The pulmonary artery catheter remains an effective method for monitoring hemodynamic variables, as well as administering medications such as inotropes, in the management of complex cases. As they continue to be used, it is important to remember that their use is not without potential complications such as improper placement. Likely the most dangerous misplacement involves the accidental puncture of an artery during initial access, which, if unrecognized, can lead to the arterial placement of a catheter in the carotid or subclavian arteries . Somewhat less dangerous arterial misplacement may sometimes be possible by the passage of the catheter through a cardiac septal defect . In contrast, venous misplacement can occur via the looping of pulmonary artery catheter as it is advanced, such as in the case we have presented. In some instances, this can lead to the tip of the catheter terminating in the vena cava, intrahepatically, or as we have shown here, within the skull [2, 3]. In many of these situations, misplacement alone is not a serious complication, as the catheter can usually be withdrawn and placed appropriately.
In some cases, however, improper placement may be further complicated by the entrapment of the catheter within the vasculature.

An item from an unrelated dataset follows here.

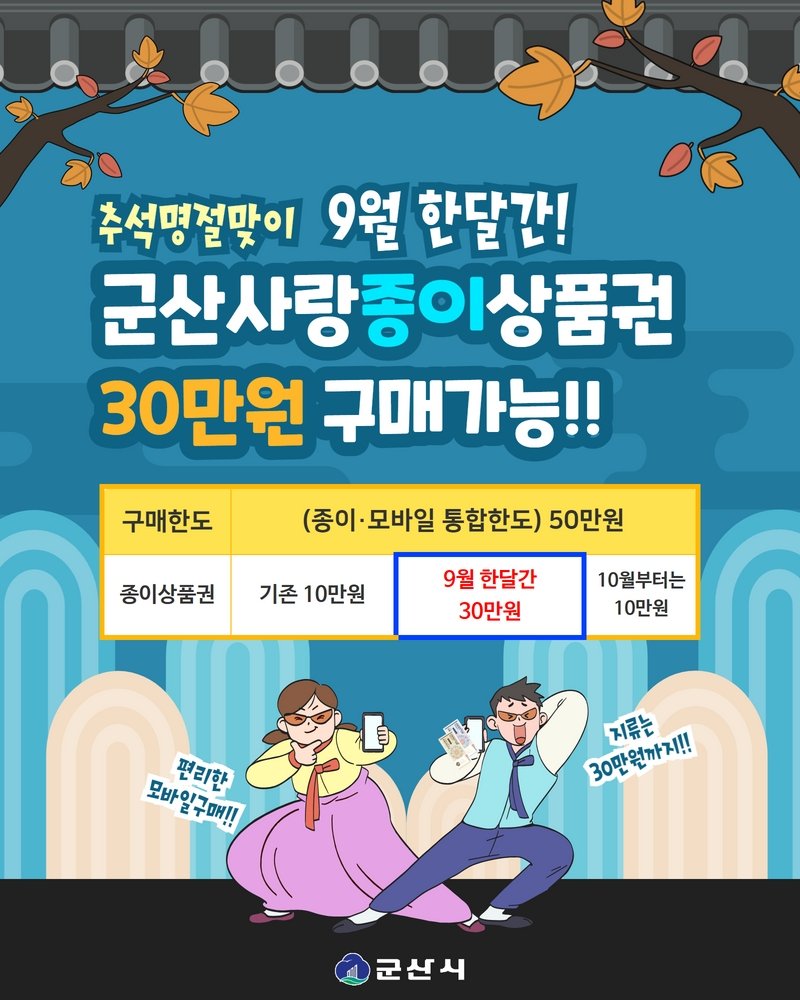 | 108 | 9월 한달간!! 종이상품권 30만원 구매가능!! |

This may be possible through the aforementioned looping of the catheter, which can lead to the formation of one or, in some cases, even multiple knots which prevent retrieval [4, 5]. Pulmonary artery catheters have also become caught on other foreign bodies such as a surgical suture or automatic implantable cardioverter-defibrillator coil [2, 6, 7]. Regardless of the cause, an entangled catheter may put the physician in need of an unconventional solution.
A variety of methods for retrieving an entrapped catheter exist, but it is important to take care in minimizing the manipulation of the catheter, as prolonged manipulation can cause injury to the cardiac or vascular lining or provoke cardiac arrhythmia . One common method for retrieval is through the use of interventional radiological techniques involving a variety of snares such as single-loop, triple-loop, or entwined guidewire techniques . If this is unsuccessful, or impractical due to positioning, it may even be necessary for surgical removal of a knotted or stuck catheter . Here we have described a case where the tip was seemingly entrapped in an unfortunate location, for which a surgical removal was nearly performed.

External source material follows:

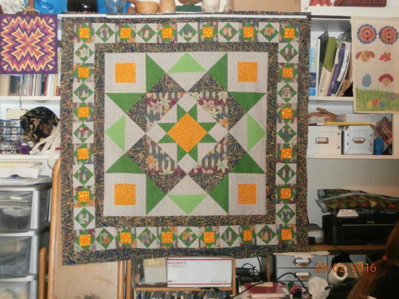 Well, here is mine up to date. Just made the February deadline. I'm not sure I'm going to add more to this. Well, maybe a border of a coordinating fabric. But I will wait to see what Terrie has in store for us. And I'd like to give Terrie a shout out for providing us with this mystery quilt. Thank you Terrie!

We believe our case describes a novel mechanism of entrapment of a pulmonary artery catheter by kinking at the distal tip of the cordis, which appeared via imaging to be stuck within the skull. Further, the report details a step-by-step explanation of how to disentangle and remove the catheter through noninvasive intervention. In the future, utmost care in monitoring of pressure readings on insertion and avoidance of overextension of the catheter may prevent similar situations from occurring altogether. In the unfortunate event of an entrapped catheter, where imaging shows a tight bend near the exit from the introducer sheath, we hope this report may guide the removal of the catheter by first carefully withdrawing the introducer sheath.
Informed consent was received from all participants.
Conflicts of Interest
The authors declare that there is no conflict of interest regarding the publication of this article.